* [What this task involves]: Among the records that follow, set down only the lines from the one containing "Porta vasi in" to the one containing "客餐厅一体式设计,以乳白色和", both included, exactly.

* [Material provided]:
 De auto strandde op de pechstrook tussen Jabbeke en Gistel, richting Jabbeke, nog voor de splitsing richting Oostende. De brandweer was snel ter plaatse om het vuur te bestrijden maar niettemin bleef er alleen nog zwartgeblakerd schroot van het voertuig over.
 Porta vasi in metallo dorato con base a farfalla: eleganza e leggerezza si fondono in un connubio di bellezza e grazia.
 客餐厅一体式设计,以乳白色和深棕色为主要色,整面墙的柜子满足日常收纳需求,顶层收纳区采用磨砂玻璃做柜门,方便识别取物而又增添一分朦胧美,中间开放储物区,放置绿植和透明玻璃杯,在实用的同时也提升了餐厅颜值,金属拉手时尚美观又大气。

---

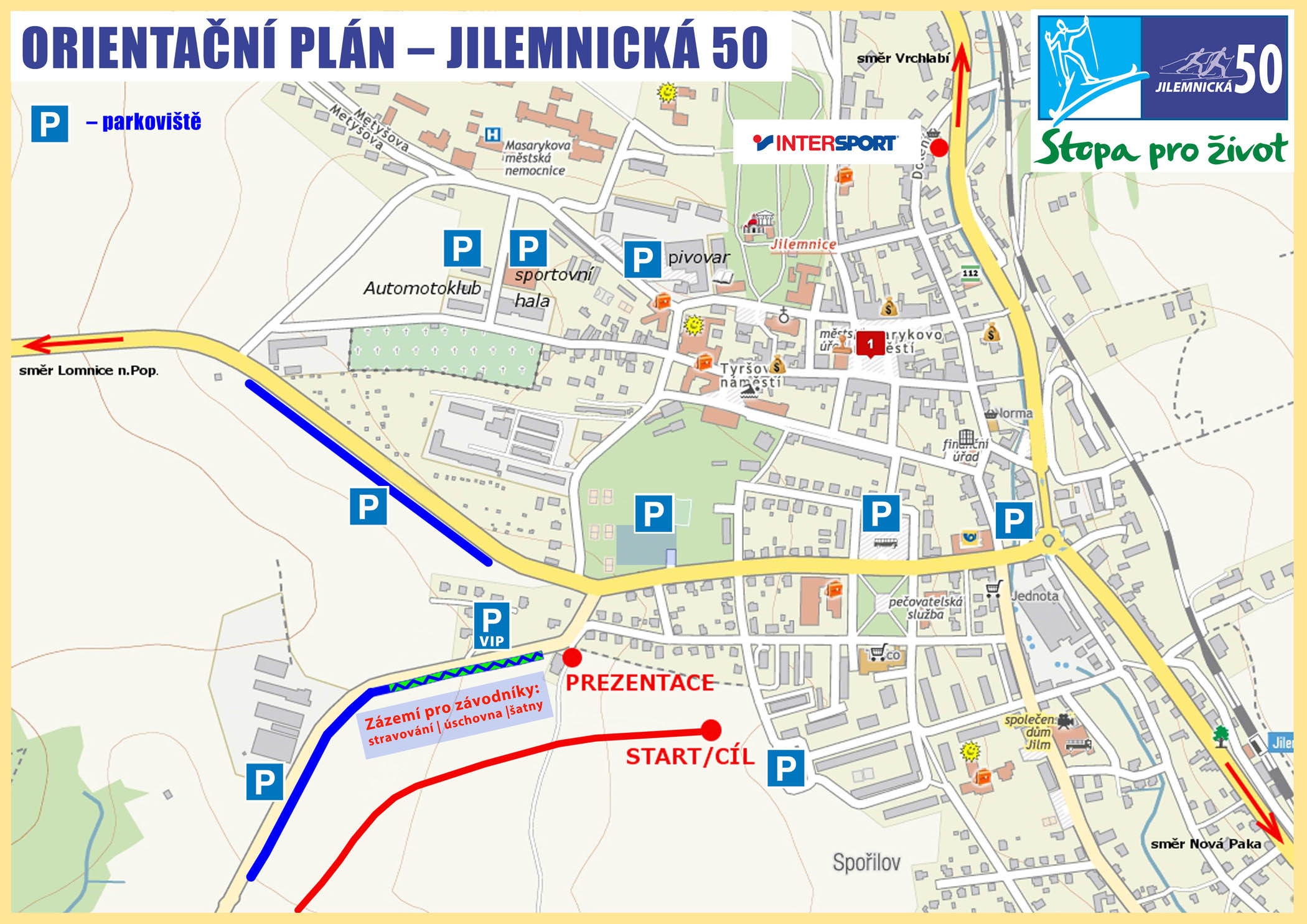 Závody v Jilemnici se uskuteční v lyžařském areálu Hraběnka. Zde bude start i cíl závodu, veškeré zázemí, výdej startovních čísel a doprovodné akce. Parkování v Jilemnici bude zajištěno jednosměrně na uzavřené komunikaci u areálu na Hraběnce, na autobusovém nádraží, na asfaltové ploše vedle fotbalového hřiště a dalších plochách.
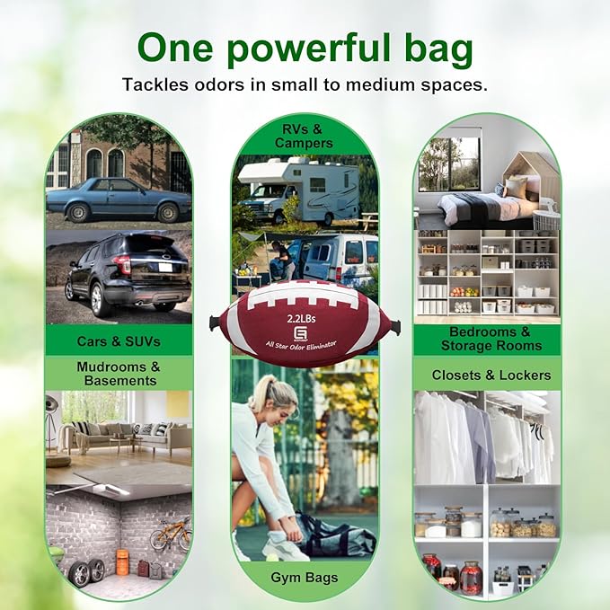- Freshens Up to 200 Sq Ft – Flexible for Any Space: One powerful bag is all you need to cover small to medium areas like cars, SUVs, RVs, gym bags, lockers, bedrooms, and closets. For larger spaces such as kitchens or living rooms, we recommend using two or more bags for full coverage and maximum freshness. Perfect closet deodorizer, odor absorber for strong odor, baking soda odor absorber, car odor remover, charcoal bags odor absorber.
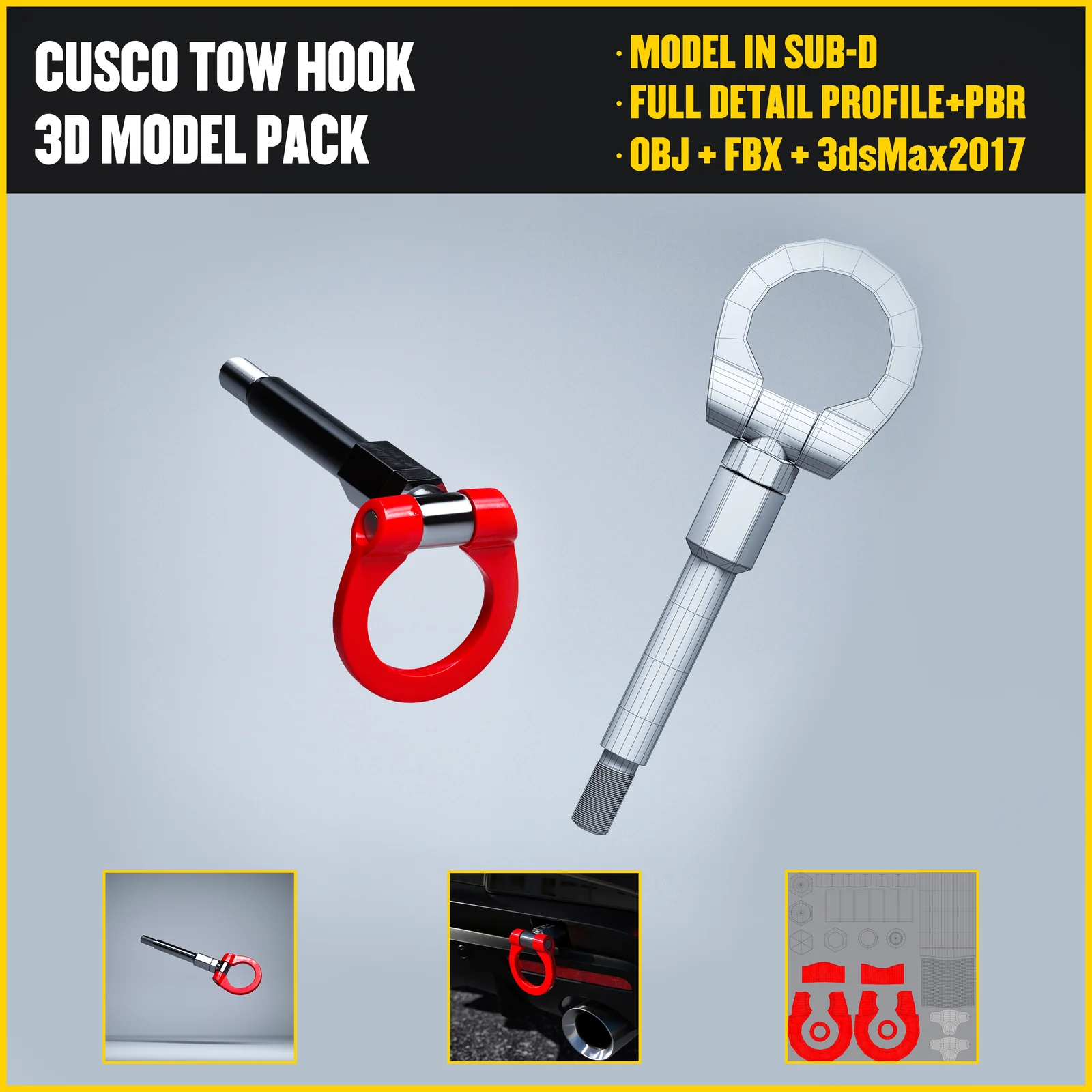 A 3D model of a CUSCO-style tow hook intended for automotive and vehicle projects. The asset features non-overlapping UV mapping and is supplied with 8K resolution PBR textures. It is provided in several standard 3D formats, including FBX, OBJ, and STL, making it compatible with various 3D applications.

* [Expected answer]:
 Porta vasi in metallo dorato con base a farfalla: eleganza e leggerezza si fondono in un connubio di bellezza e grazia.
 客餐厅一体式设计,以乳白色和深棕色为主要色,整面墙的柜子满足日常收纳需求,顶层收纳区采用磨砂玻璃做柜门,方便识别取物而又增添一分朦胧美,中间开放储物区,放置绿植和透明玻璃杯,在实用的同时也提升了餐厅颜值,金属拉手时尚美观又大气。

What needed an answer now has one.